The SEC has finally helped lay out a roadmap for Chinese companies hoping to launch their initial public offerings (IPOs) in the U.S. According to Reuters, companies from China are being given clear guidelines on their disclosure requirements, which include the disclosing offshore vehicles known as variable interest entities (VIEs) of the companies.
Last month saw a freeze of all Chinese IPOs in the U.S. as SEC Chair Gensler brought to a halt what had been a record influx of companies from China to list in the U.S. The first seven months of 2020 brought in a record $12.8 billion from Chinese IPOs.
In a letter seen by Reuters from the SEC, companies seeking to list are now asked to “please describe how this type of corporate structure may affect investors and the value of their investment, including how and why the contractual arrangements may be less effective than direct ownership, and that the company may incur substantial costs to enforce the terms of the arrangements.”
The SEC has also added a disclosure agreement for Chinese companies that investors are not able to “hold equity interests in the Chinese operating company.”
While the stipulations are stringent, they are finally providing guidelines in a period of uncertainty, and China-listed stocks are seeing an uptick in inflows again.
KWEB Records Massive Inflows
Yesterday saw inflows of $514.97 million into the KraneShares CSI China Internet ETF (KWEB).

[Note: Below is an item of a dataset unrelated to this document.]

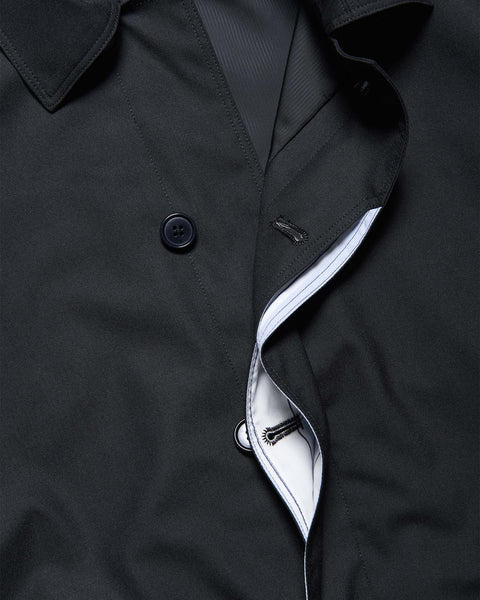 A shirt blazer crafted from stretch wool fabric that offers a relaxed drape while resisting wrinkles. Available in two colorways: solid black and pinstripe. The collar lining features a seasonal striped fabric as a subtle style accent. We recommend layering it with a matching shirt in the same material or wearing it as a set with three types of pants.
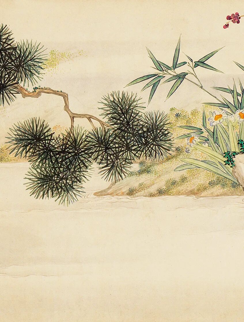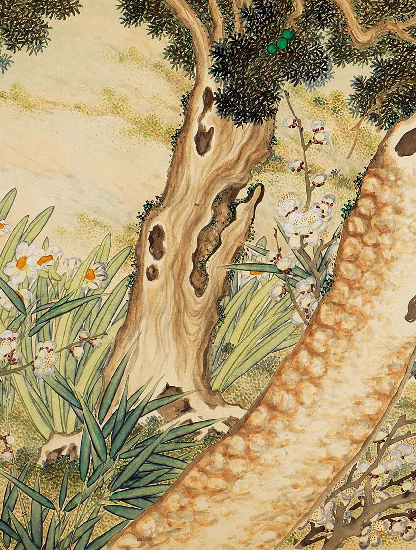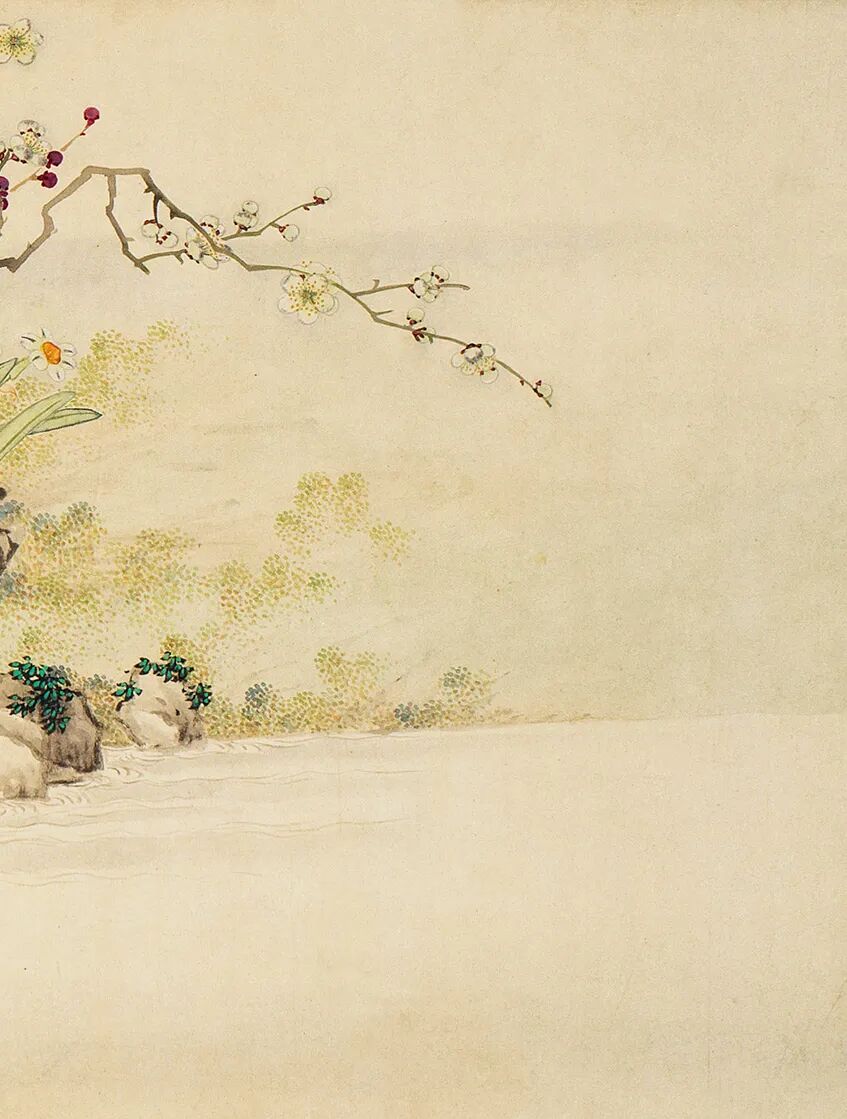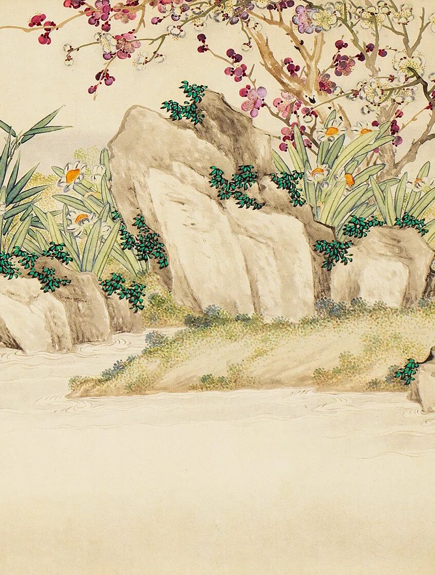 此手卷,设色纸本,所绘有山石树木还有花卉等。画作用细笔勾勒出山水轮廓,再一一晕染。用色清新淡雅,突出了山水的清新之气。在山石皴染中有着唐寅和沈周的用笔特征,凸显松树修长的特点和松针的洒脱,彰显出画家深厚的笔墨功夫和美学思想,给人一种很强的视觉冲击感。

It is a fund whose securities have been heavily affected by regulations, and yet it continues to see massive inflows as investors buy the dip.
Chart from eftdb.com
KWEB tracks the CSI Overseas China Internet Index and measures the performance of publicly traded companies outside of mainland China that operate within China’s internet and internet-related sectors.
This includes companies that develop and market internet software and services, provide retail or commercial services via the internet, develop and market mobile software, and manufacture entertainment and educational software for home use.
KWEB provides exposure to the Chinese internet equivalents of Google, Facebook, Amazon, eBay, and the like, all companies that benefit from a growing user base within China, as well as a growing middle class.
The ETF has an annual expense ratio of 0.73%.